D1MACH( 5) = logarithm to base ten of the machine's floating point number base.
In theory, all of the R1MACH and D1MACH values can be calculated from I1MACH
values; however, they are provided (1) to save having to calculate them and (2)
to avoid rousing any bugs in the exponentiation (** operator ) or logarithm
Machine epsilon (the smallest number that can be added to 1.0 or 1.0D0
that yields a result different from 1.0 or 1.0D0) is not one of the special
values that comes from this model.  If the purpose of machine epsilon is to
decide when iterations have converged, the proper constants to use are
R1MACH(4) or D1MACH(4).  These may be slightly larger than machine epsilon;
however, trying to iterate to smaller relative differences may not be possible
due to hardware round-off error.
The Fortran standard requires that the amount of storage assigned to an INTEGER
and a REAL be the same.  Thus, the number of bits that can be used to represent
an INTEGER will almost always be larger than the number of bits in the mantissa
of a REAL.  In converting from an INTEGER to a REAL, some machines will
correctly round or truncate, but some will not.  Authors are therefore advised
to check the magnitude of INTEGERs and not attempt to convert INTEGERs to REALs
that can not be represented exactly as REALs.  Similar problems can occur when
converting INTEGERs to DOUBLEs.
Authors of Library routines must use at least the first and preferably both of
the following techniques to handle errors that their routines detect.

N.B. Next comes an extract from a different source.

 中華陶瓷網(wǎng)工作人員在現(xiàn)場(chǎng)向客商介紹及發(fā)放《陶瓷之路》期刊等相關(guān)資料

1.  One argument, preferably the last, in the calling sequence must be an
    error flag if the routine can detect errors.  This is an integer variable
    to which a value is assigned before returning to the caller.  A value of
    zero means the routine completed successfully. A positive value (preferably
    in the range 1 to 999) should be used to indicate potential, partial, or
    total failure.  Separate values should be used for distinct conditions so
    that the caller can determine the nature of the failure.  Of course, the
    possible values of this error flag and their meanings must be documented in
    the description section of the prologue of the routine.

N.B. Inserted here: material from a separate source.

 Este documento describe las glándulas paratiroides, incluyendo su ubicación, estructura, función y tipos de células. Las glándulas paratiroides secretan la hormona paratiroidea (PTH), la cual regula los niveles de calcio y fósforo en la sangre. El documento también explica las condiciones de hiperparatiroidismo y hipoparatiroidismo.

2.  In addition to returning an error flag, the routine can supply more
    information by writing an error message via a call to XERMSG.  XERMSG
    has an error number as one of its arguments, and the same value that will
    be returned in the error flag argument must be used in calling XERMSG.
XERMSG is part of the SLATEC Common Math Library error handling package
which consists of a number of routines.  It is not necessary for authors to
learn about the entire package.  Instead we summarize here a few aspects of the
package that an author must know in order to use XERMSG correctly.

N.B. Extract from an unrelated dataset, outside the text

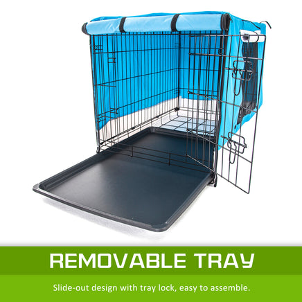 Paw Mate Wire Dog Cage Foldable Crate Kennel 42in with Tray + Blue Cover Combo

1.  Although XERMSG supports three levels of severity (warning, recoverable
    error, and fatal error), be sparing in the use of fatal errors.  XERMSG
    will terminate the program for fatal errors but may return for recoverable
    errors, and will definitely return after warning messages.  An error should
    be designated fatal only if returning to the caller is likely to be
    disastrous (e.g. result in an infinite loop).
2.  The error handling package remembers the value of the error number and has
    an entry point whereby the user can retrieve the most recent error number.
    Successive calls to XERMSG replace this retained value.  In the case of
    warning messages, it is permissible to issue multiple warnings.  In the
    case of a recoverable error, no additional calls to XERMSG must be made by
    the Library routine before returning to the caller since the caller must be
    given a chance to retrieve and clear the error number (and error condition)
    from the error handling package.  In particular, if the user calls Library
    routine X and X calls a lower level Library Y, it is permissible for Y
    to call XERMSG, but after it returns to X, X must be careful to note any
    recoverable errors detected in Y and not make any additional calls to
    XERMSG in that case.  In practice, it would be simpler if subsidiary
    routines did not call XERMSG but only returned error flags indicating a
    serious problem.  Then the highest level Library routine could call XERMSG
    just before returning to its caller.  This also allows the highest level
    routine the most flexibility in assigning error numbers and assures that
    all possible error conditions are documented in one prologue rather than
    being distributed through prologues of subsidiary routines.
Below we describe only subroutine XERMSG.  Other routines in the error
handling package are described in their prologues and in Reference [4].
The call to XERMSG looks like
Template:  CALL XERMSG (library, routine, message, errornumber, level)
          1   'The order of the matrix exceeds the row dimension', 3, 1)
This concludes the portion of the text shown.